Until we know the shape of something, we cannot begin to understand what it might be or what it might mean. It is in the boundaries, the borders, and the identity of something that we find meaning, purpose, and structure. When the mind has no such boundaries the result is madness. The same applies to societies.
We know that children, particularly teenagers – despite huge resistance – require boundaries in order to feel safe enough to explore the process of their becoming. Societies, systems, and nations are the same because without the basis of order nothing is certain and in the madness of all things being possible, things become impossible.
This is not to say that boundaries (which are our beliefs, traditions, practices) should not change or be redrawn, but that removing them quickly is disorienting and dangerous. Where do we fall when there is nothing to fall against? What stops us from tumbling into some abyss when there is no defined border?
The famous poem by Yeats touches upon the need for the centre to hold. Yeats reminds us why it is important that some things hold fast in order to retain a semblance of order, without which there is chaos. The poem reflects our age where we are tearing down the structures of the past at a sickening pace, leaving individuals and society vulnerable, like some crab that has discarded its shell and now creeps, soft, weak, piteously defenceless until a new carapace can be grown; until a defined, protective border is in place.
Turning and turning in the widening gyre
The falcon cannot hear the falconer;
Things fall apart; the centre cannot hold;
Mere anarchy is loosed upon the world,
The blood-dimmed tide is loosed, and everywhere
The ceremony of innocence is drowned;
The best lack all conviction, while the worst
Are full of passionate intensity.
The Second Coming – William Butler Yeats
We may not value many things which we have inherited from the past, but we should recognise that the fact they have been handed down means they are important in ways we do not understand.
In every act of destruction of the past, whether statues, gender roles, political systems, traditions, we are removing the borders which have helped keep our world in place. Defined beliefs like armour which preserve and protect, and which can be removed slowly, in small steps. But, where if too much is discarded too quickly, we risk everything.
And when we tinker with things we do not understand we unleash demons beyond imagining and believe that anything can and should be possible, or acceptable then we open ourselves and our world to much we may not have imagined. As the maxim has it – be careful what you wish for.
‘Now I am become Death, the destroyer of worlds’ are the words from ancient Hindu scripture, which Robert Oppenheimer quoted when he realised what had been created. There are more ways to create an atomic bomb than the literal.
The pace of change in the Western world, in particular over the past century, has been faster than ever before. We humans have evolved over many thousands of years with certain beliefs that have underpinned our societies. While there can and should be variations on those themes, there are basics that form the glue holding society together. One of which is that there are males and females and they come together in committed unions and create life so humanity may endure. Another is that there is more to this world than the merely material and that we have spiritual needs which demand attention.
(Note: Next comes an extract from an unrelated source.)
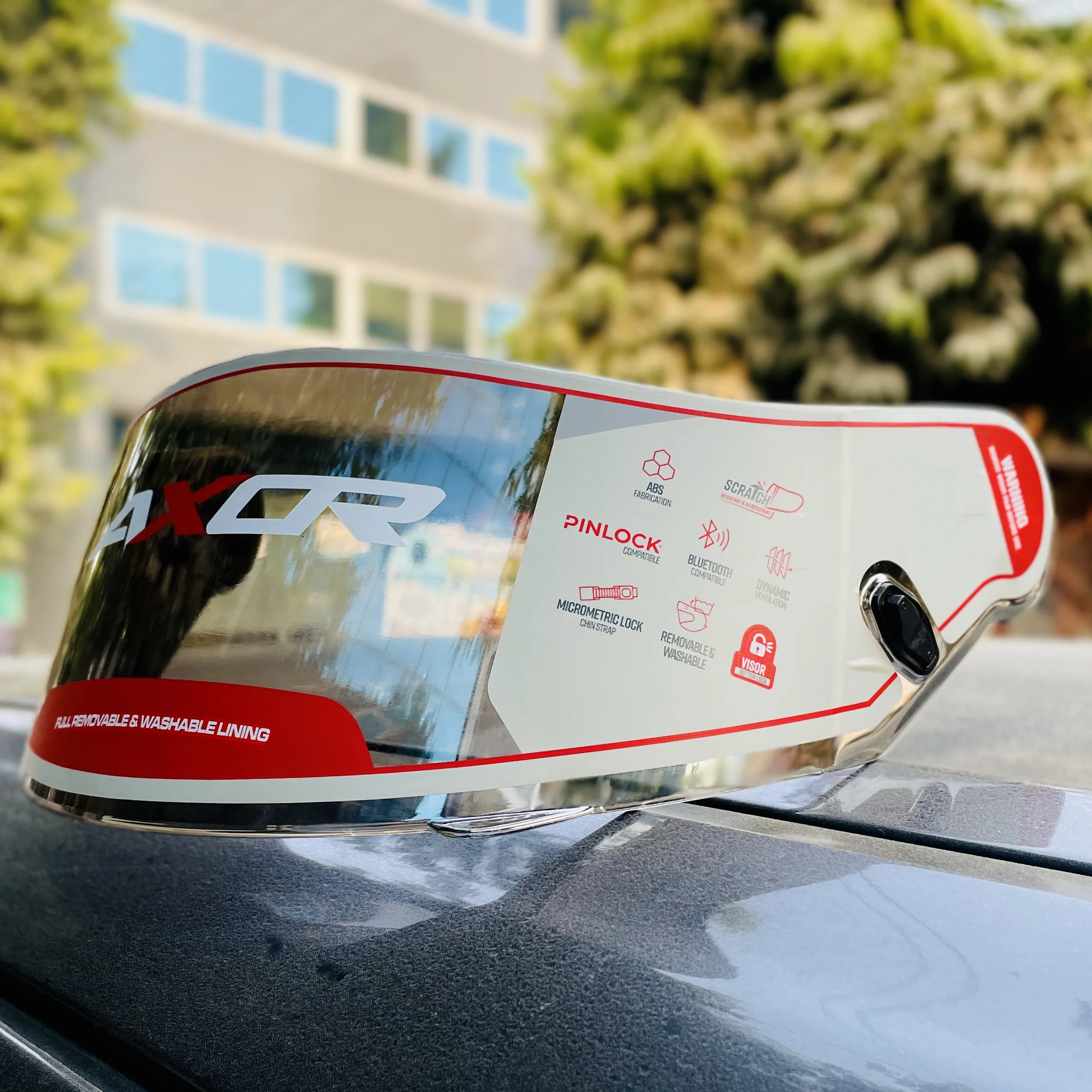 Enhance your Axor Apex helmet with the Axor Apex clear visor featuring advanced anti-fog technology for superior visibility in all weather conditions. This original replacement visor provides crystal-clear, distortion-free vision with scratch-resistant coating and UV protection, compatible with all Axor Apex helmet models.

The Ten Commandments, not surprisingly, reflect the basic rules which have enabled humans to not just survive but to thrive.
A healthy society respects and preserves at least half of these rules for life – honour your father and mother; do not kill but protect life; honour the sacrament of marriage; do not steal; do not lie and do not envy others and covet what they have.
The first four rules pertain to religion and in the past century, at least in the Western world, religion has declined and been demonised and mocked, by the new Mammon which is Science. We no longer believe in honouring our parents and certainly do not honour the sacrament of marriage between a man and a woman. Even telling lies is not condemned in this age, but at times, applauded. As to coveting what others have- all too often that is deemed to be a requirement and not a failing.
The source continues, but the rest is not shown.